でも夜明けまではまだ時間はある。みんな疲れてるだろうし、少しは寝ないと…なんて思いながら義介さんの家にたどり着くと玄関前には
「お帰りなさい」
大家さんがいた。こうしてタイミング良く顔を合わせたのは待ってくれてた訳でなく、俺達が集落を回覧している間、造屋兄妹を餓鬼から守ってもらっていたからなんだが、どっちにしろ有難い事に変わりない。なので見張りはもう大丈夫だからと一緒に仲良く家に入ると。
…スんスん、
何とも良い匂いがしてくるではないか。
「あ、鬼怒守さんお疲れ様です。香澄さんもお疲れ様、あと均兄ぃもついでにお疲れ。」
「いやついでは余計だろ?俺だってメインで疲れてんだが?」
「…っとに細かいな均兄ぃは…モテないよ?あ、鬼怒守さん食材とお台所を勝手に使わせてもらって…でもきっとお腹を空かせてると思って、これ…」
と次に出迎えてくれたのは才子で、コイツ本来の特技は料理だったりして、実際に何であろうが水準を越えて美味いものを作る。それを知る俺の腹が制御から離れてキュウ。匂いに釣られた義介さんの腹もグウ。そして大家さんのお腹も恥ずかしそうにクウと鳴らした。
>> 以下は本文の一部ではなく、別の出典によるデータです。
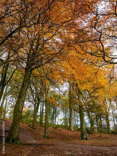 © Malcolm, Fototapeta premium autumn trees in wood with leaves on ground
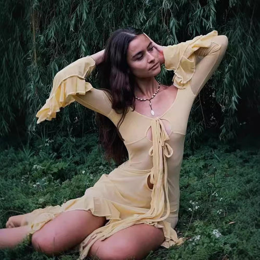 Damen Elegantes Maxikleid mit Rüschendetails und v-förmigem Ausschnitt Stalluxe
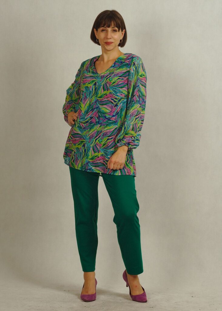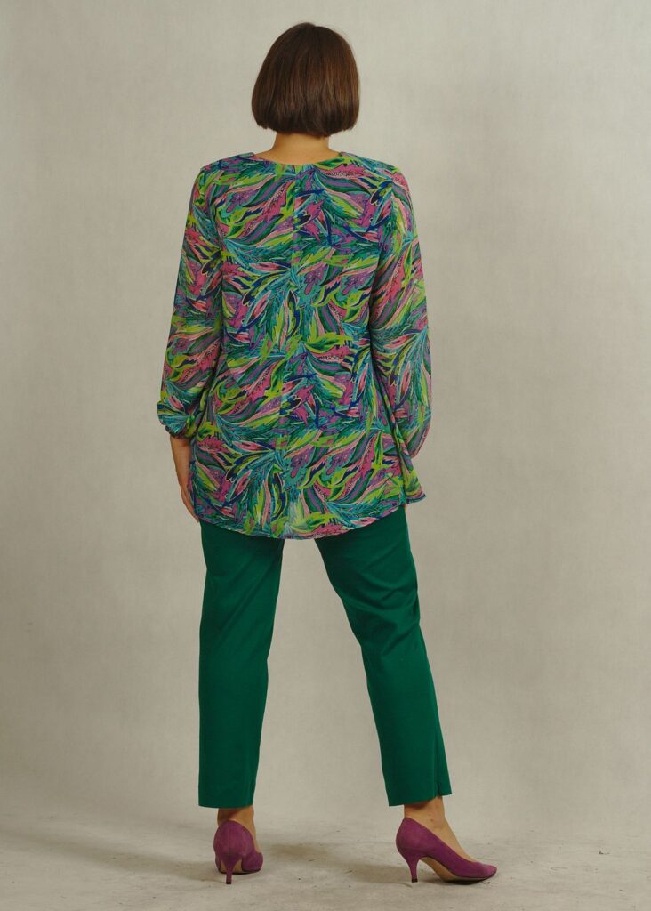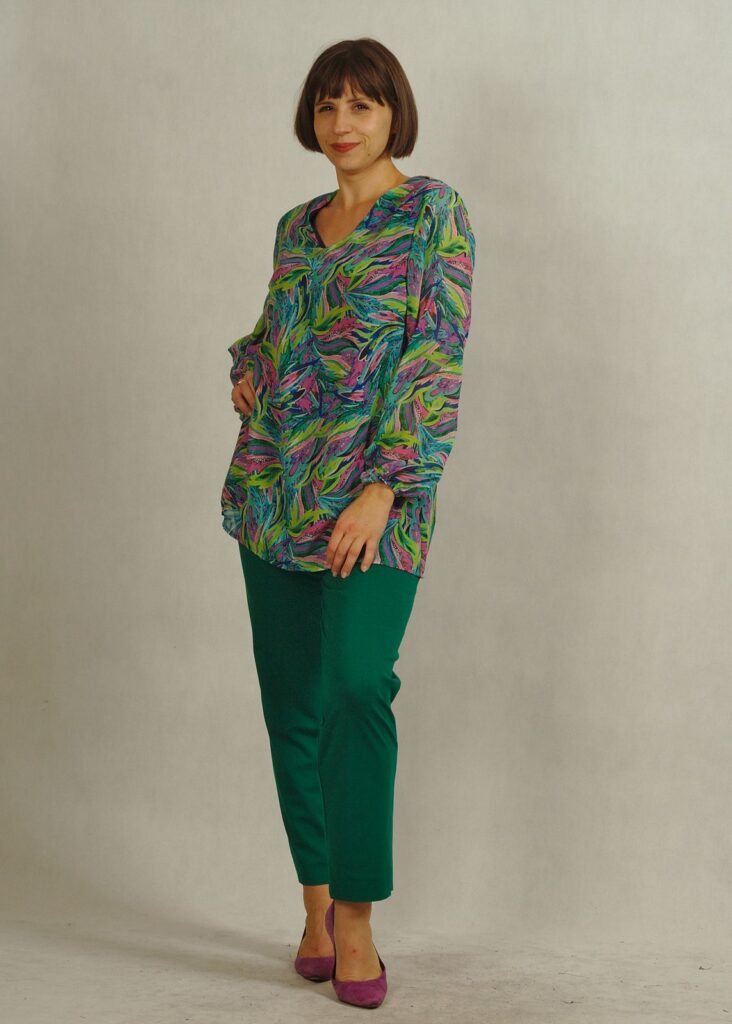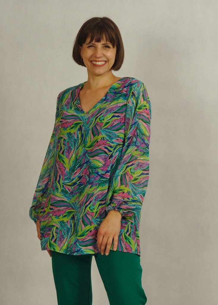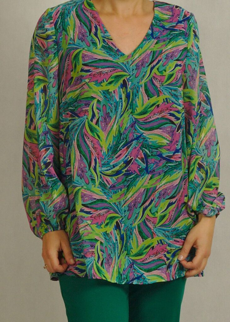 To elegancka tunika z dekoltem w serek, który subtelnie wysmukla szyję i dodaje kobiecego uroku.
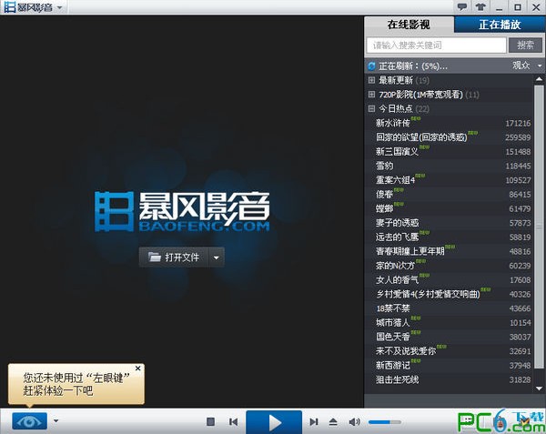 暴風(fēng)影音播放器是一款由視頻影音播放平臺(tái),暴風(fēng)影音播放器能夠兼容絕大多數(shù)的視頻及音頻格式。暴風(fēng)影音最新的左眼技術(shù),還可以利用GPU有效提升視頻畫(huà)質(zhì)。
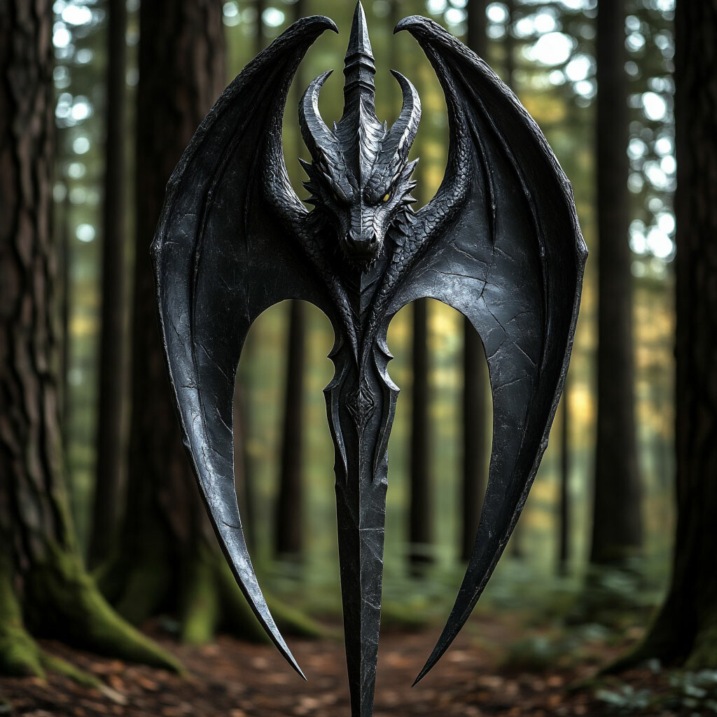 двуручный молот, представляющий из себя фигурку растопырившего крылья шипастого дракончика на длинном практически двухметровом древке. Несмотря на то, что темно-синего цвета ящер напоминал собою произведение искусства и казалось вот-вот взлетит со своей жердочки, в качестве ударного навершия эта статуэтка была вполне рабочей. Распахнутая пасть применялась для тупых ломающих ударов, отведенные в стороны крылья были заточены не хуже бритв и могли хоть рубить, хоть резать, ну а длинный хвост играл роль загнутого крюка, которым можно хоть подтянуть к себе кого-то, хоть вражескую броню расковырять.

「いやはや、朝からずっと妖怪どもを斬っては捨てしとったからのぅ。思えば何も食っておらなんだわ。さっそくじゃが…馳走になってええんかの?」
「どうぞどうぞ♪」
「ふむ。めんこいの…じゃなく、かたじけないの」
「えへへ、どういたしまして♪」
ド迫力ボディを鈴のように…というかバインと揺らしてるのに義介さんは目を細めて微笑ましそうにしている。
こういう時に思うんだが…ホント、才子って人の懐に入るの上手いよな。と、ジト目と同時に美味い飯を作ってくれたことへの感謝も送りつつ。
俺は『あ!そう言えば大家さんも食事まだだったよな』と今さらになって気付いて自分の至らなさも恥じながら。
才子が作ってくれた飯をみんなで仲良くかっこんでゆく。
…今世としては、急造のパーティ。
その実、前世を思えば『久しぶり』という仲間達。
そう、やっと揃った。オリジナルメンバーが。
そして何より今世では大家さんも、生きている。素晴らしい、嬉しい、有難い。
そして、怖い。
また、失うかもしれない。
それが心底、恐ろしい。
その恐怖を誤魔化すように、この日の俺は、いつになく饒舌になって、思いの外会話が弾んで…不意に。
(くそ…才子の馬鹿、こんなん…美味すぎだろ…)
鼻の奥がツンと刺激されたのは…本当に香辛料が原因なのか。
…それは、深く考えないようにした。